When You Really Think Your Family Would Be Better Off Without You
Editor's Note
If you experience suicidal thoughts or have lost someone to suicide, the following post could be potentially triggering. You can contact the Crisis Text Line by texting “START” to 741741.
I’ve struggled with severe depression since I was about 12 years old. I have been hospitalized three times for depression and suicidal ideation with the most recent time being in 2014 after a suicide attempt.
I wanted to die. I just didn’t want to be anymore. I knew — not just thought, knew — my family would be better off without me. There was no convincing me otherwise. I thought my family would have a more “normal” life without me. My mother wouldn’t have to worry about my frantic phone calls where I just sobbed and barely even spoke. Life would be so much better for everyone without me. It wasn’t just a feeling though. In my head, I knew it as fact. It was a relief for me to think of dying because it felt like my only way out.
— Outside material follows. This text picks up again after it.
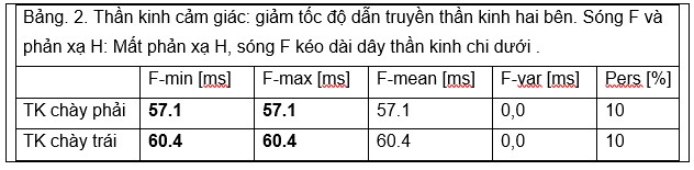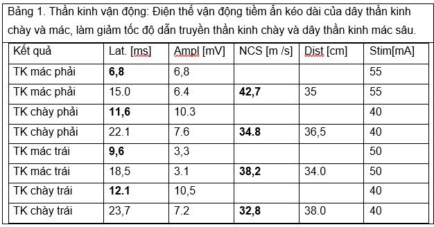 Cận lâm sàng: Bạch cầu 5,73 K / µL, huyết sắc tố 16,2 g / dL, hematocrit 46,7%, tiểu cầu 336 K / µL, glucose huyết thanh 99 mg / dL, urê 5,74 mmol / L, creatinin 71,3 mmol / L. Điện cơ: Thần kinh vận động: Điện thế vận động tiềm ẩn kéo dài của dây thần kinh chày và xương mác, giảm tốc độ dẫn truyền dây thần kinh chày và dây thần kinh mác sâu (Bảng 1). Thần kinh cảm giác: giảm tốc độ dẫn truyền thần kinh hai bên. Sóng F và phản xạ H: Mất phản xạ H, sóng F kéo dài dây thần kinh chi dưới (Bảng 2).

My depression had taken me to a place that was not only dark and scary, but it fed me lies about myself and my reality. No amount of talking to me would make a difference. People tried, but it only made me feel more like dying when I was told if I killed myself my family would be devastated. I was already causing the devastation by being alive. The way I understood it was if I lived they would have to deal with me being so sick and mentally disturbed forever. But, if I died their pain would only last a little while and then their lives would go on. To me, it made perfect sense.
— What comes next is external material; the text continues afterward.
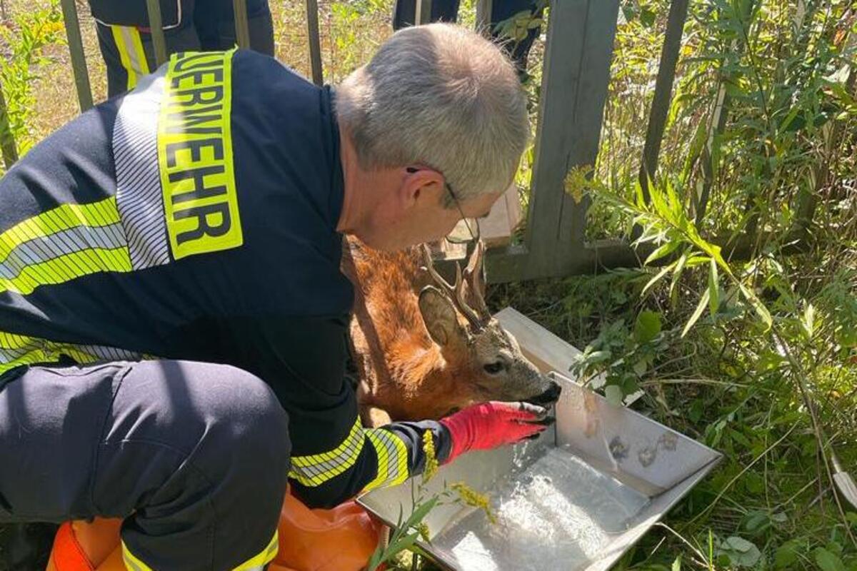 Das Reh bekam zudem etwas zu trinken (Bildquelle: Freiwillige Feuerwehr Celle)

When I survived my suicide attempt, I was left with was an enormous sense of shame. This brought on a different kind of depression; a more desperate depression and a feeling of complete and total brokenness.
Today, I am glad I didn’t die. I am glad I’m living. However, it isn’t always easy for me to feel happy to be alive. It isn’t always that easy for so many others living with depression and mental illness either. One of the most hurtful things I was told by other people when I was battling my own suicidal mind, was that suicide is selfish. Hearing that only made me feel more guilty and more ashamed. I wasn’t being selfish. I honestly believed I was being unselfish by trying bring peace to my family. I didn’t want them to suffer the roller coaster ride of my emotional distress anymore. I knew the excruciating mental pain and torment that was happening inside my head and I could only imagine how hard that was for them to watch from the sidelines. I wasn’t being selfish to want to remove myself and stop causing the people I loved so much pain. I wanted to help them heal, even when I couldn’t.
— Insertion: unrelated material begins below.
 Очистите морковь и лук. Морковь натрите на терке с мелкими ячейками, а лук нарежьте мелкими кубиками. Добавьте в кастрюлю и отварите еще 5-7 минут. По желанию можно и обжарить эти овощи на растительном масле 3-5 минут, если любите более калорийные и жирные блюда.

I feel differently about wanting to die today. I don’t want to take my life. However, I still don’t believe that those who do are selfish. I think they are in so much pain, and that pain causes you to think of options that you might not normally think of because all you want is for the pain to stop and it doesn’t really matter how. I believe they are looking for a permanent solution because the pain doesn’t feel temporary, even if it is.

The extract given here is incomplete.